Conceptually, this helper is to do with the View. However, I can't find any way to write functions in my View files; it seems they have to go in Helpers or the Controller/Model.

Since this function is very much specific to a Card object, the next best option would be to have a function inside my Card model card.rb:

class Card < ActiveRecord::Base
[...]
def format(unsafe_text)
  initial_text = h unsafe_text   # aka html_escape unsafe_text
  # assembles HTML output based on initial_text and fields of self
  output_text.html_safe!
end

Then I'd like to call this in assorted views by doing things like:

Rules text: <%= format(@card.rulestext) %>

However, there's a big problem here as well. In the Card model card.rb, I am able to use the html_safe! function, but I'm not able to use h or html_escape. It seems that the h and html_escape functions are only available in ERB views, not in the helpers or controllers!

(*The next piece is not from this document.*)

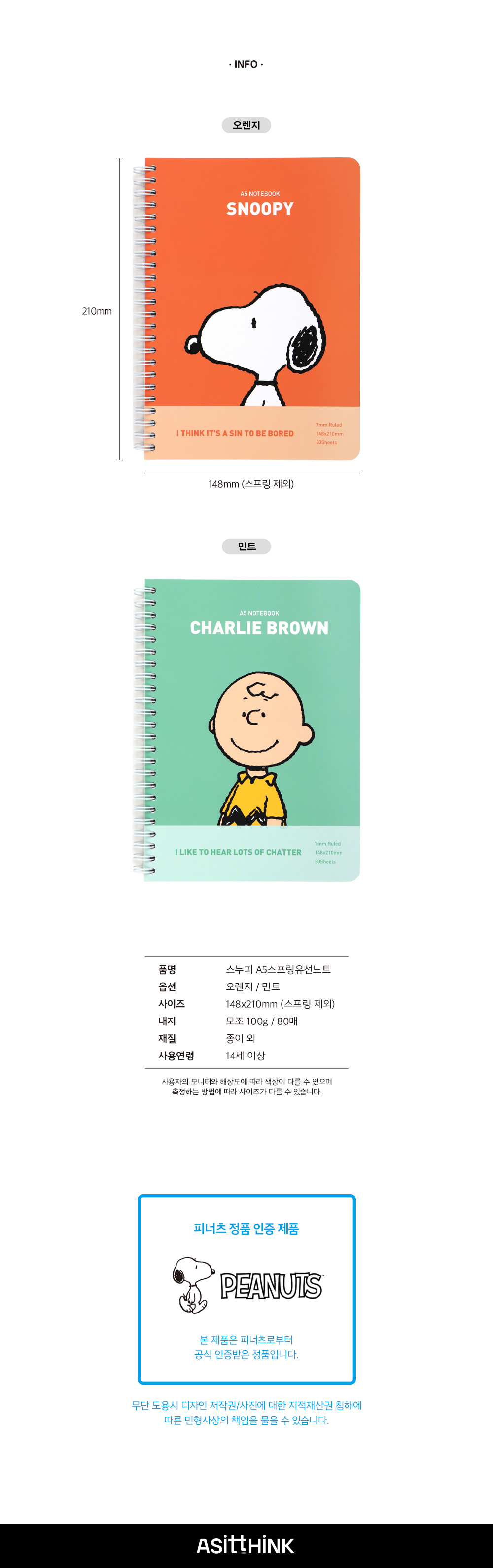 ■ 품명 및 모델명 : 피너츠 A5스프링유선노트(오렌지/에이치엠플러스)

There are a few workarounds. I can make format not sanitize its input, and go

Rules text: <%= format(h(@card.rulestext)) %>

But that's both prone to dangerous slipups (one missing h() and we've got problems) and is very non-DRY. At the moment I'm using a partial to gain access to the h() function:

(in a normal view)
Rules text: <%= render 'formattext', :text=> @card.rulestext %>

(app/views/shared/_formattext.html.erb)
<%= @card.format(html_escape(text)) %>

But this still feels dangerous. All I have to do is make single forgetful call to format(sometext) in a view, rather than calling render 'formattext', :text=> sometext, and I've got unescaped text running around.

Is there any better way to do this? Is there a way to write helper functions to live in the View rather than the Model or the Controller?

Answer 1

Escaping the content for view is a View responsibility, this is the reason why the h helper is not available in controllers or models.

Still, I don't understand why can't you simply sanitize the content in the view.

Also note that, in Rails 3, you don't need to call the h helper. Content is sanitized automatically by default unless you flag it as html_safe!.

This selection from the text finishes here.